First, in a state shown in FIG. 16(A), the mixed powder 10, in
which the lubricant has been mixed with the insulation-coated
ferromagnetic powder for a dust core is filled into the cavity of a
lower die 5B. Next, the bottom punch 7 is lowered, and the coil 100
on which the wide terminal sections 200 have been formed is
inserted into the lower die 5B, as shown in FIG. 16(B). An upper
die 5A is lowered onto the lower die 5B, and the mixed powder 10 is
placed into the upper die 5A, as shown in FIG. 16(C). Next, the top
punch 6 is lowered, the bottom punch 7 is raised and a pressure is
applied, as shown in FIG. 16(D). As a result, a coil-embedded dust
core in which the coil 100 is embedded is obtained. The desirable
pressure application condition may be about 100-600 MPa. It is also
desirable to determine the amount of the mixed powder 10 to be
filled into the lower die 5B and the amount of the mixed powder 10
to be filled into the upper die 5A, so that the position of the
coil 100 would be in the center of the green body 20.
After the compressing step in step S106, a curing step (step S107)
and a rust-proofing step (step S108) are conducted, and then a
sandblasting step (step S201) is conducted. The sandblasting step
in step S201 is a distinctive step in making the coil-embedded dust
core according to the second embodiment.
As stated above, parts of the coil 100 are the terminal sections
200 in the coil-embedded dust core according to the second
embodiment. However, the conductor 3 used therein has an insulation
coating, such as an enamel coating, formed on its surface to begin
with. It is observed by the inventors that a copper oxide film
forms directly underneath the insulation film in the curing step in
step S107. Further, a paint film forms on top of the insulation
film through rust-proofing (step S108). These films formed on the
terminal sections 200 are removed in the sandblasting step (step
S201).
One way to remove the three layers of films formed on the surface
of the coil 100 is to corrode them with chemicals. However, because
different chemicals are required to remove different films, several
treatments must be rendered in order to remove the three layers of
films. In addition, the chemical corrosion method requires heating
the chemicals, which entails a risk of alkaline particles or acidic
particles attaching to the paint film or the insulation film of the
terminal sections 200 when the chemicals are heated. Such
attachments would result in progressive corrosion of the paint film
or the insulation film over a long period of time and are likely to
cause diminished rust-proofing efficiency or a short-circuit
between the layers of the coil. To avoid such risks, there is a
mechanical removable method using tools; however, tools that may
damage the copper part of the conductor 3 cannot be used, since the
thickness of the terminal sections 200 of the coil-embedded dust
core according to the present embodiment is 5 mm or less
(approximately 0.1-0.3 mm). Consequently, in the present
embodiment, a sandblasting method is used to remove the three
layers of films.
The removal effect through sandblasting varies by the type of
abrasive used, the particle size of the abrasive and spray
conditions. Next, a description is made as to how the abrasive is
selected and what abrasive should be sprayed under what conditions
in removing all at once a plurality of films formed on the terminal
sections 200.
(Types of Abrasive and the Grain Diameter of Abrasive)

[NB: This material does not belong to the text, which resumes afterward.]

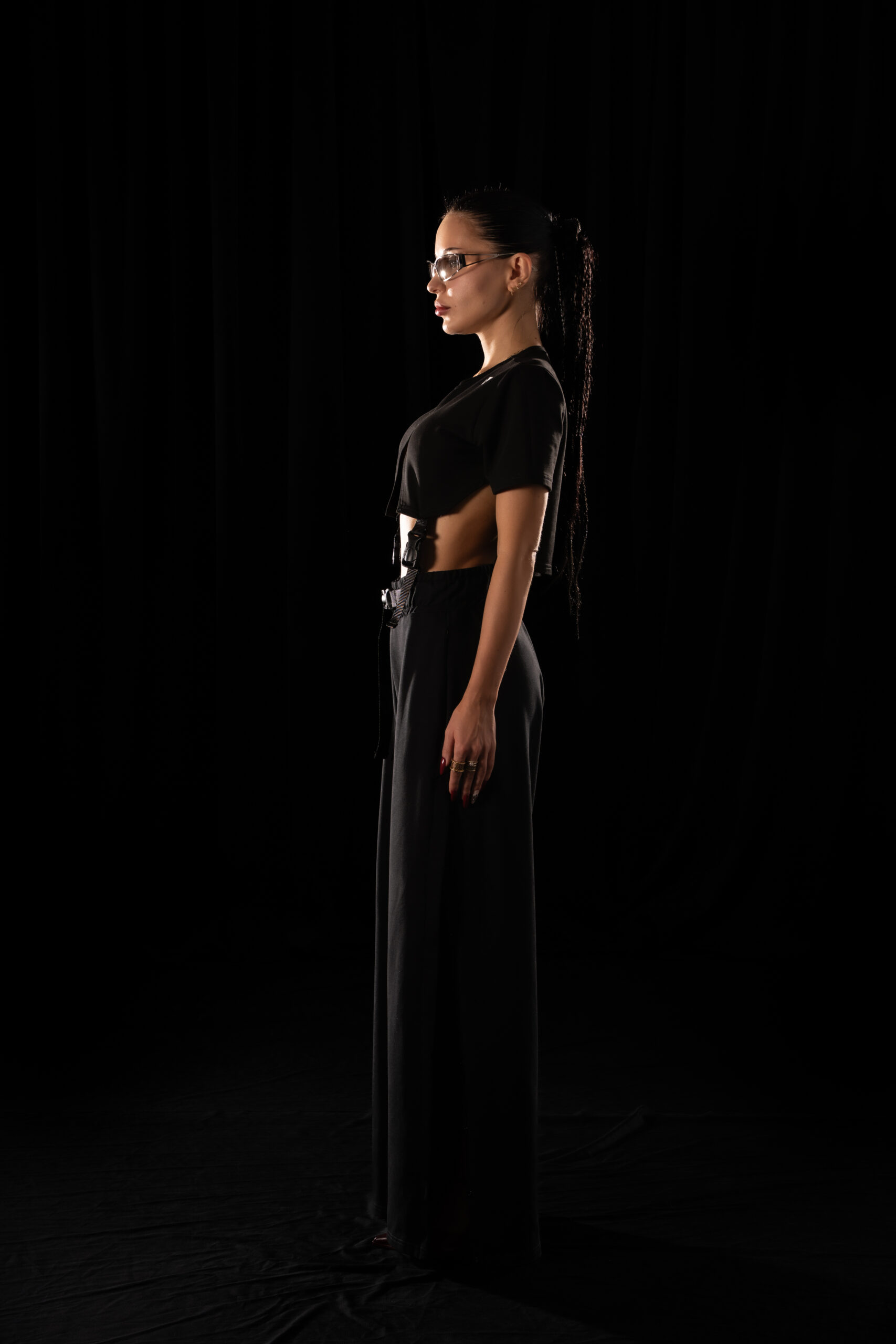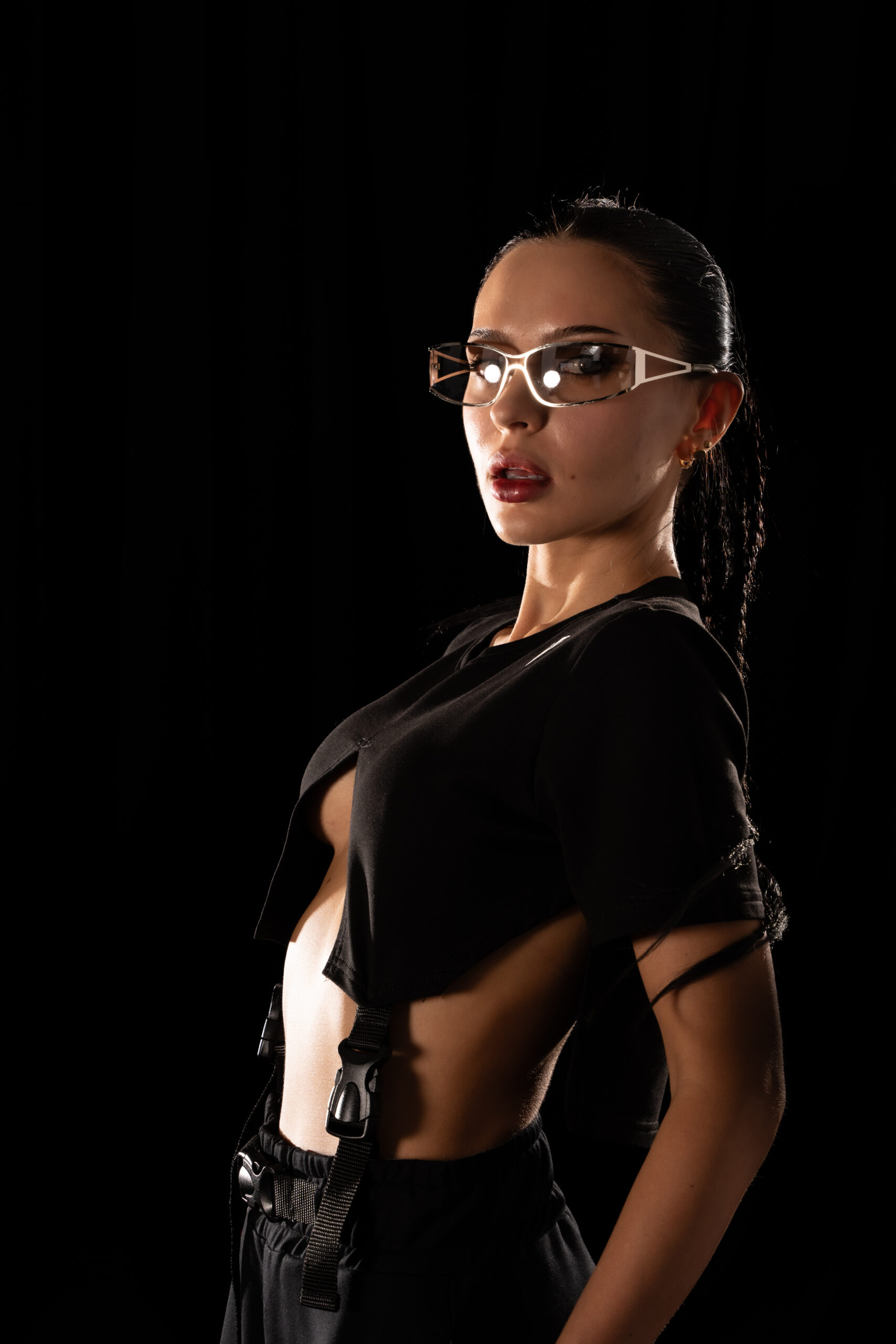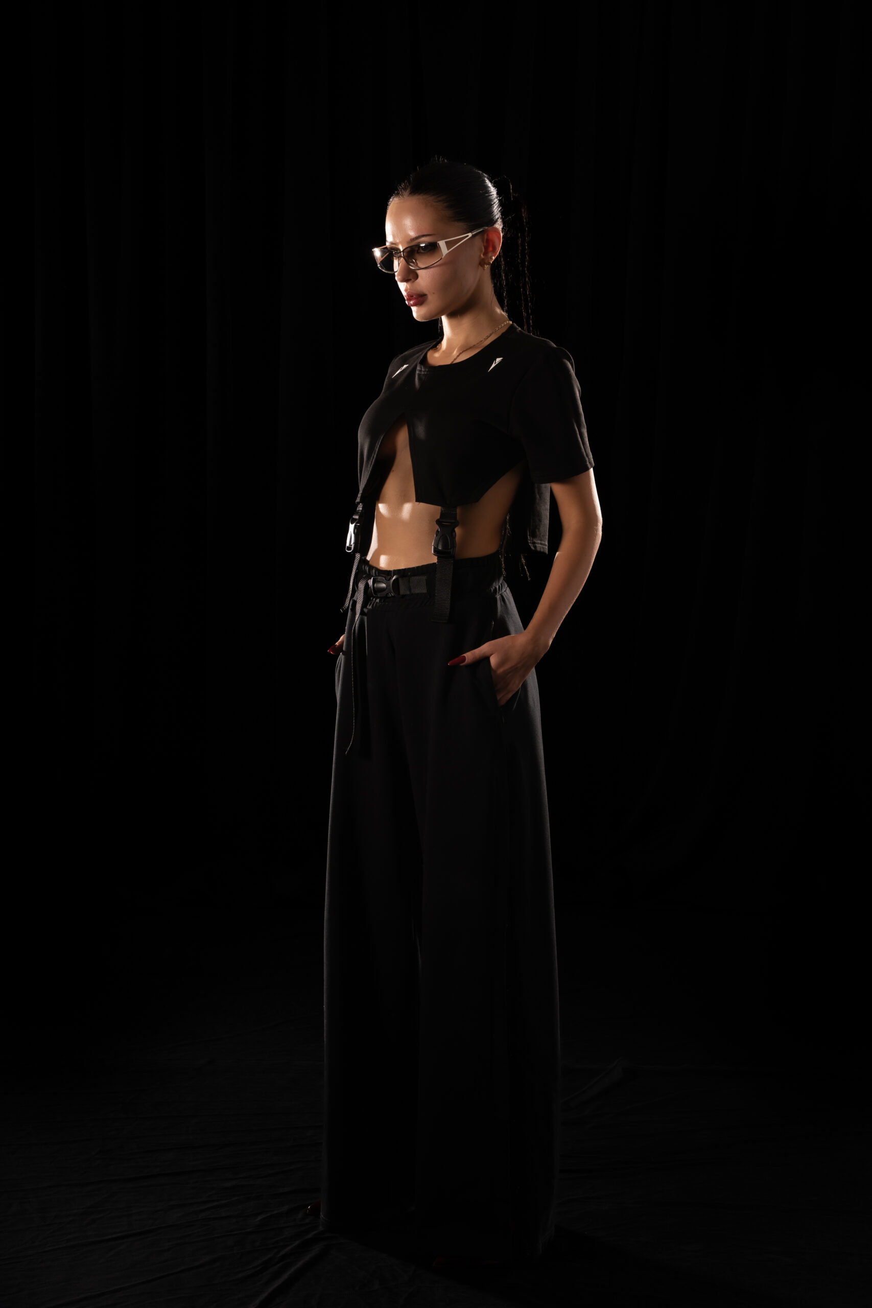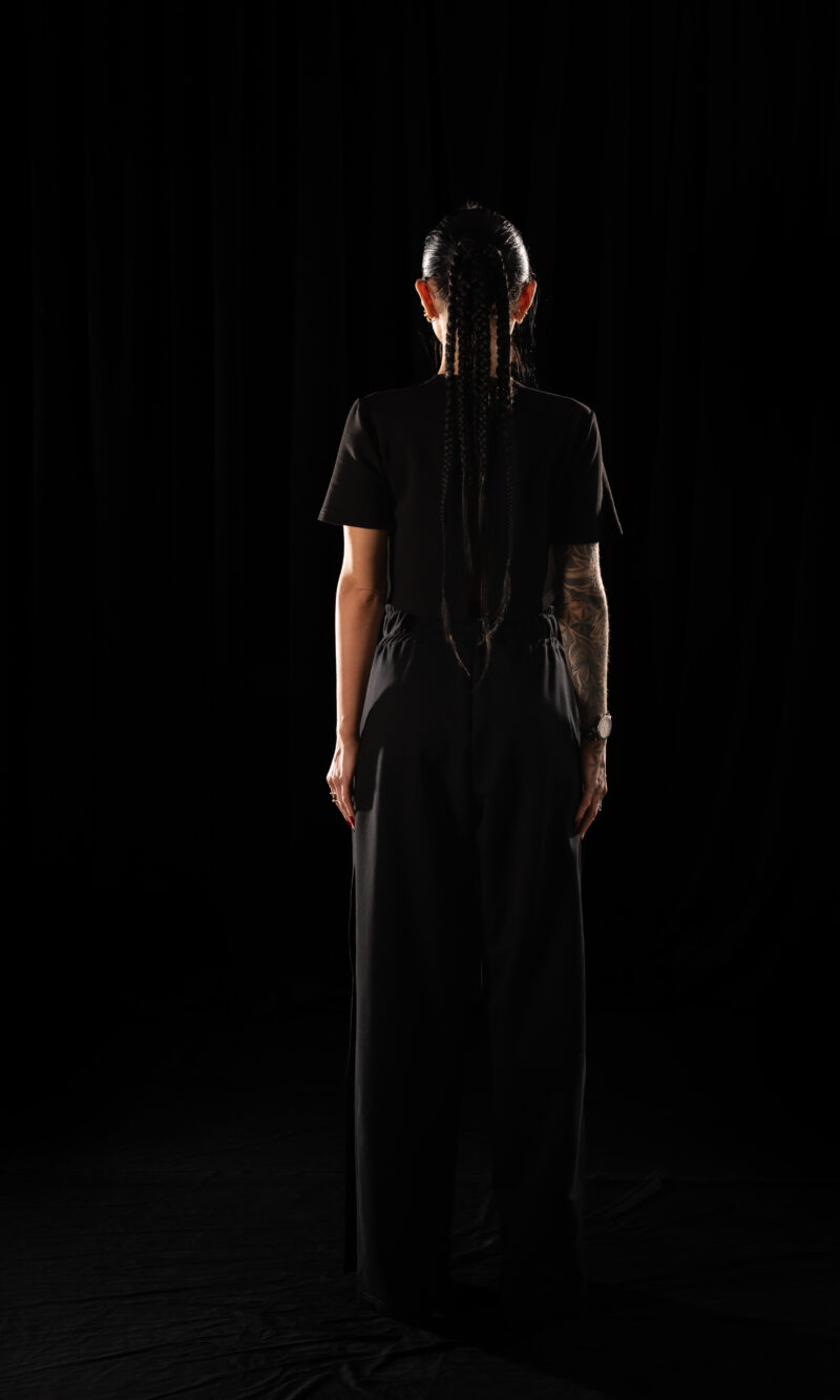 A Crystal Evo T-shirt that breaks the rules of garment construction. Vertical slits run through the center

Abrasives with large friability are desirable. Here, large
friability is defined using as a reference the friability of
alumina as an abrasive, so that abrasives whose friability is
larger than the friability of alumina are considered to have large
friability. Conversely, abrasives whose friability is smaller than
the friability of alumina are considered to have small friability.
Some of the abrasives with large friability are silicon carbide,
diamond and silicon nitride, but it may be desirable to use silicon
carbide in terms of cost. On the other hand, abrasives with small
friability are resin and calcium carbonate, but removing the films
using these would take time and cause grains to hit parts where the
films have already been removed from, and consequently cause the
copper part of the conductor 3 to be elongated, which would result
in warping.
Further, desirable abrasives would not only have large friability
but also have a small particle size. By using an abrasive with
large friability and a small particle size, the impact caused by
each grain may be reduced. As a result of this, compared to using
an abrasive with a large particle size, the chosen abrasive would
hit the terminal sections 200 uniformly to remove the films without
causing warping. The range of particle size in abrasives may
preferably be between 800# and 2000#.
(Spray Conditions of Abrasive)
Spray conditions of the abrasive include spray pressure, spray time
and spray angle.
The spray pressure may be in the range of 0.1-1 MPa, and preferably
the spray pressure may be 0.2-0.8 MPa, and more preferably 0.2-0.6
MPa.
The spray time should be less than 20 seconds, preferably 1-18
seconds, and more preferably 3-15 seconds. Even when using a
desirable abrasive, i.e. an abrasive with large friability and
small particle size, a spray time of 20 seconds or more may cause
warping in the terminal sections 200.
The desirable spray angle is about 10 degrees-60 degrees.
When the terminal sections 200 are to be surface-mount terminal
sections, the terminal sections 200 are soldered (step S202).
Thereafter, it would be convenient to bend the terminal sections
200, which have become wide through a flattening process, as
necessary when mounting the coil-embedded dust core on a
substrate.
The following effects may be gained from the coil-embedded dust
core according to the second embodiment:
(1) By using the coil 100 around which the flat conductor 3 is
wound, large inductance may be obtained with a small number of
turns.
(2) Due to the fact that parts of the coil 100 are the terminal
sections 200, there is no need to form connection parts between the
coil 100 and the terminal sections. Consequently, joint failures
and insulation failures caused by connection parts may be
eliminated.
(3) Due to the fact that parts of the coil 100 are the terminal
sections, there is no need to prepare terminal sections separately.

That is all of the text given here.